I can help uncover some insight in the first 4 statements, but in full transparency, the 5th statement is not an issue of the recruiting agency, and I will cover it later in this article.

First, let’s back up a step and help you address the main issue before you ever engage with a recruiting agency.

The questions you should be asking about your team or company are the following?

Attracting: Am I having trouble attracting the right talent?

Converting: Are the right people interviewing and turning down our job opportunity?

Engagement:  Or are you hiring great people but they leave within a short period of time?

These are loaded questions, and I could write for hours on the topic, but in this article, I want to address the topic of attracting and converting on the right talent.

If you are having trouble with the first 2 areas referenced above, the issue may be one of the following.
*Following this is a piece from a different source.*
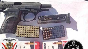Tras un rápido operativo cerrojo, personal policial localizó al sospechoso en la intersección de Piamonte y Ovidio Lagos, donde fue detenido sin resistencia. El acusado entregó a los agentes un arma de fuego tipo Bersa calibre .22, con cargador y ocho cartuchos.

  1. You or the people responsible for hiring are so busy growing the company you don’t have time to recruit the people you want. Active job seekers do not stay on the market long.
  2. The leaders of your organization may not have taken time to truly evaluate and establish the culture of the company and what they want it to be.
  3. You or other leaders may not have established a systematic hiring process.
  4. The right people may be applying or interviewing with your company but choosing other companies over yours.
  5. Taking time to evaluate your compensation structure through various online tools; this could be the issue, but it is very rare today.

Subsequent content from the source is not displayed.